---------- Dataset entries ----------

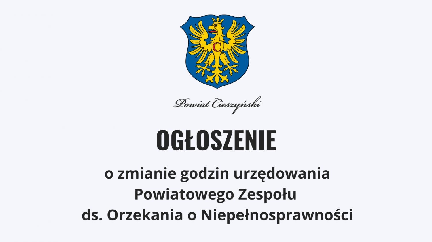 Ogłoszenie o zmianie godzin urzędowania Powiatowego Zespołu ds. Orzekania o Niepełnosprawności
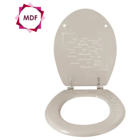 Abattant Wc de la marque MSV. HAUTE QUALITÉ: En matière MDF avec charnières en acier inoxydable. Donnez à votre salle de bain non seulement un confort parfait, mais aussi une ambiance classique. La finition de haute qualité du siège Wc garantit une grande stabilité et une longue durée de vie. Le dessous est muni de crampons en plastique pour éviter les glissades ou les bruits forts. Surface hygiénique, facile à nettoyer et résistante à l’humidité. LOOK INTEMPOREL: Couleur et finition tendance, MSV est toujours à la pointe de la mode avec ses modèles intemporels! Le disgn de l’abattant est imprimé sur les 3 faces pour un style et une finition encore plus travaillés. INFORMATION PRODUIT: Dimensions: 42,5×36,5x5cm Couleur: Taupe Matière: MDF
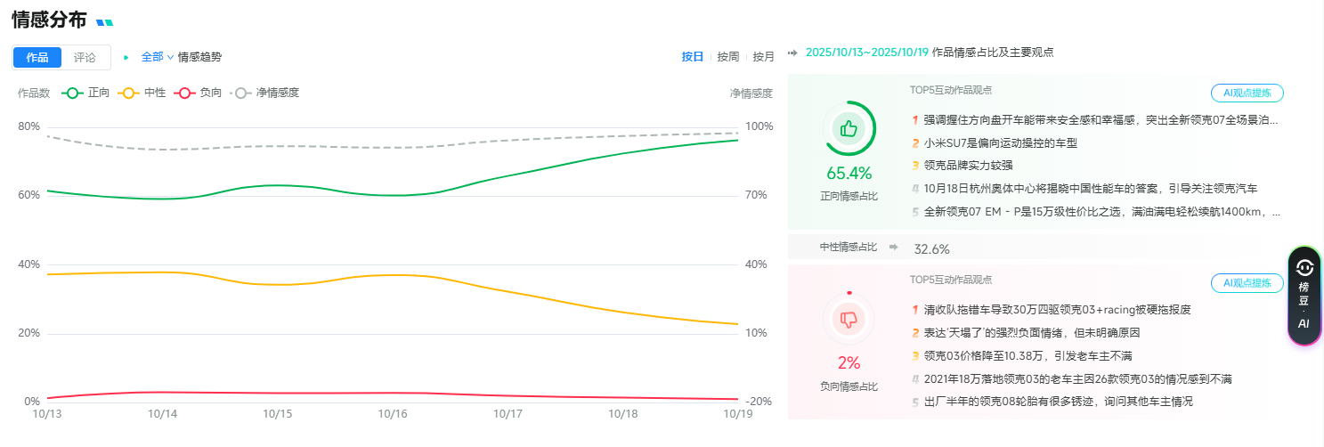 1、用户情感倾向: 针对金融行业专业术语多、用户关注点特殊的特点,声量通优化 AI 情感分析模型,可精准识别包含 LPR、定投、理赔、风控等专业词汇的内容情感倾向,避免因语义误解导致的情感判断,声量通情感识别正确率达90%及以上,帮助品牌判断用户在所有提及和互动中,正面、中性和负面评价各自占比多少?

----------
---------- Dataset entries ----------

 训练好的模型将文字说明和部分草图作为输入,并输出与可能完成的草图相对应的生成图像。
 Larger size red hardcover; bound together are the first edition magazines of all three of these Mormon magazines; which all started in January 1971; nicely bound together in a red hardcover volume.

----------

> **Exercise objective**: Both the line above containing "Ogłoszenie o zmianie" and the line containing "1、用户情感倾向: 针对金融行业专业术语多、用户关注点特殊的特点,声量通优化 AI" belong in the copy, along with every line between them; print these exactly and omit the pictures.

> **Exercise output**:
 Ogłoszenie o zmianie godzin urzędowania Powiatowego Zespołu ds. Orzekania o Niepełnosprawności
 Abattant Wc de la marque MSV. HAUTE QUALITÉ: En matière MDF avec charnières en acier inoxydable. Donnez à votre salle de bain non seulement un confort parfait, mais aussi une ambiance classique. La finition de haute qualité du siège Wc garantit une grande stabilité et une longue durée de vie. Le dessous est muni de crampons en plastique pour éviter les glissades ou les bruits forts. Surface hygiénique, facile à nettoyer et résistante à l’humidité. LOOK INTEMPOREL: Couleur et finition tendance, MSV est toujours à la pointe de la mode avec ses modèles intemporels! Le disgn de l’abattant est imprimé sur les 3 faces pour un style et une finition encore plus travaillés. INFORMATION PRODUIT: Dimensions: 42,5×36,5x5cm Couleur: Taupe Matière: MDF
 1、用户情感倾向: 针对金融行业专业术语多、用户关注点特殊的特点,声量通优化 AI 情感分析模型,可精准识别包含 LPR、定投、理赔、风控等专业词汇的内容情感倾向,避免因语义误解导致的情感判断,声量通情感识别正确率达90%及以上,帮助品牌判断用户在所有提及和互动中,正面、中性和负面评价各自占比多少?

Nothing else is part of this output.